-- Your task --
Recreate the listing that follows line for line, without pictures.

[Opening Data extract section]

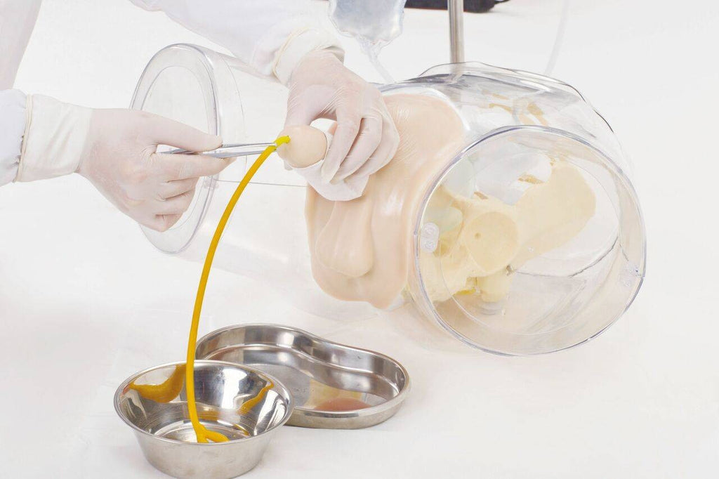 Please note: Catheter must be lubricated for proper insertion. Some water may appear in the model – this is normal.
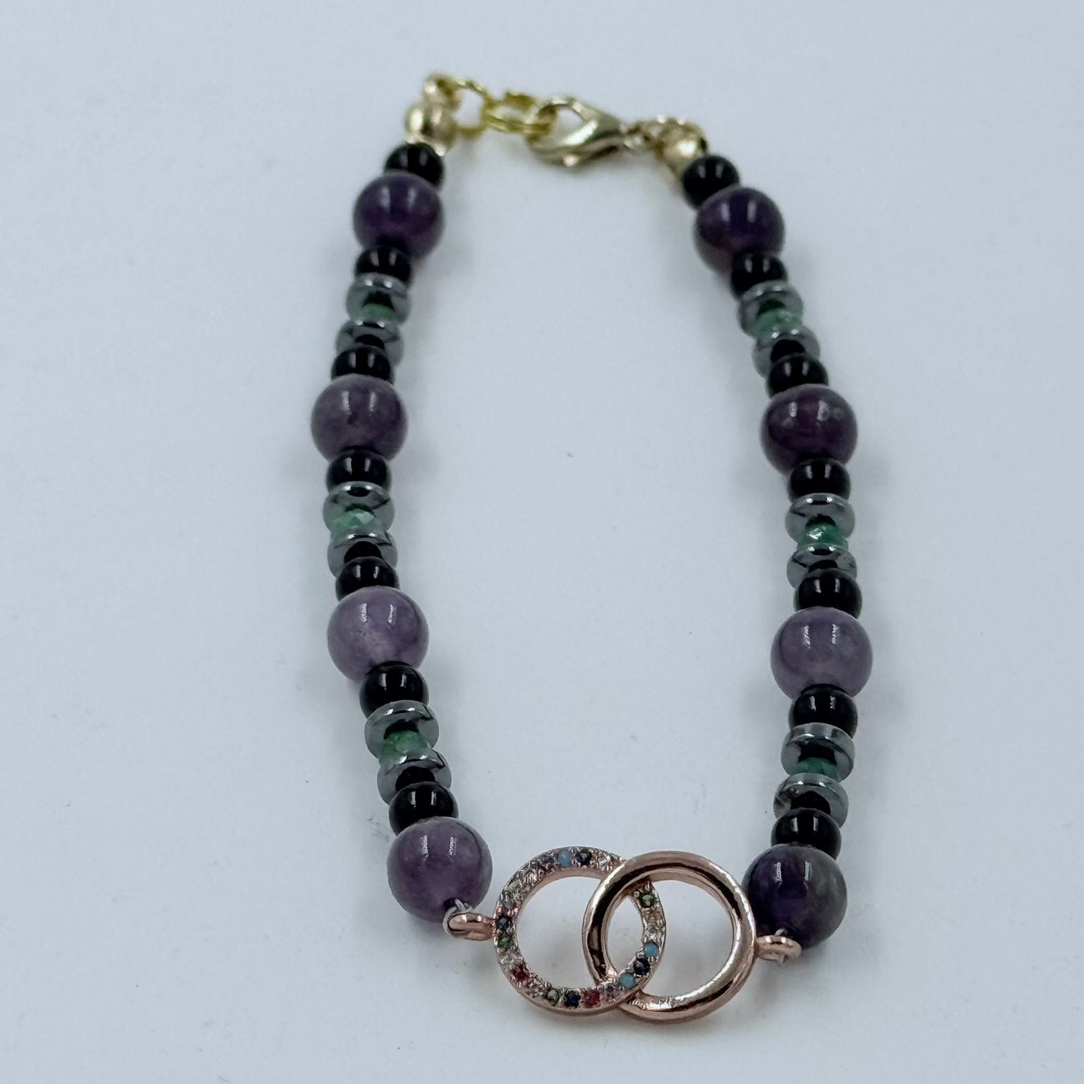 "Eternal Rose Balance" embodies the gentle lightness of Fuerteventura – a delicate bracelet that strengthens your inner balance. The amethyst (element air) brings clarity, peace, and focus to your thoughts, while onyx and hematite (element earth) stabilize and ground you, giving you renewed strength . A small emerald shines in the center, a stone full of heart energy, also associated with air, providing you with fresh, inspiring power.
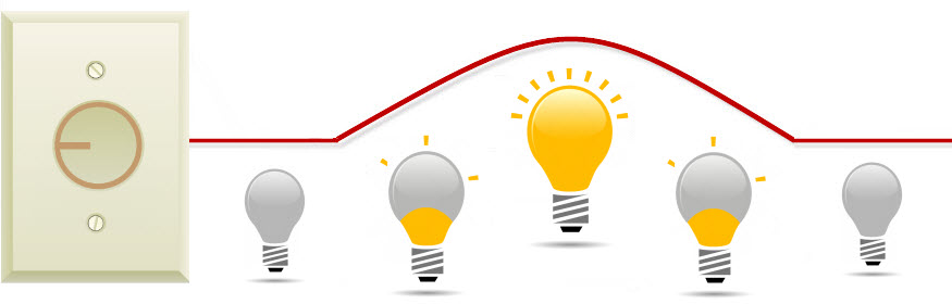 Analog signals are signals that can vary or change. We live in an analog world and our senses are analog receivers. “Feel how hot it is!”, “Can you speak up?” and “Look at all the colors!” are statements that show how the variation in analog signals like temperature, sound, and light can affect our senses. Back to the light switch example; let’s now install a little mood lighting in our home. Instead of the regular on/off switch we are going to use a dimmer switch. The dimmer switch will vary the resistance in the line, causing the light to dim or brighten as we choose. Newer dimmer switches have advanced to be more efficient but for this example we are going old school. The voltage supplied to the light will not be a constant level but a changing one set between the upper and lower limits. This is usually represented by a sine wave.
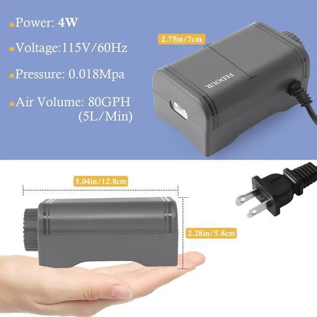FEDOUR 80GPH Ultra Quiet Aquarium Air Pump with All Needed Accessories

[Closing Data extract section]

-- Task output --
 Please note: Catheter must be lubricated for proper insertion. Some water may appear in the model – this is normal.
 "Eternal Rose Balance" embodies the gentle lightness of Fuerteventura – a delicate bracelet that strengthens your inner balance. The amethyst (element air) brings clarity, peace, and focus to your thoughts, while onyx and hematite (element earth) stabilize and ground you, giving you renewed strength . A small emerald shines in the center, a stone full of heart energy, also associated with air, providing you with fresh, inspiring power.
 Analog signals are signals that can vary or change. We live in an analog world and our senses are analog receivers. “Feel how hot it is!”, “Can you speak up?” and “Look at all the colors!” are statements that show how the variation in analog signals like temperature, sound, and light can affect our senses. Back to the light switch example; let’s now install a little mood lighting in our home. Instead of the regular on/off switch we are going to use a dimmer switch. The dimmer switch will vary the resistance in the line, causing the light to dim or brighten as we choose. Newer dimmer switches have advanced to be more efficient but for this example we are going old school. The voltage supplied to the light will not be a constant level but a changing one set between the upper and lower limits. This is usually represented by a sine wave.
FEDOUR 80GPH Ultra Quiet Aquarium Air Pump with All Needed Accessories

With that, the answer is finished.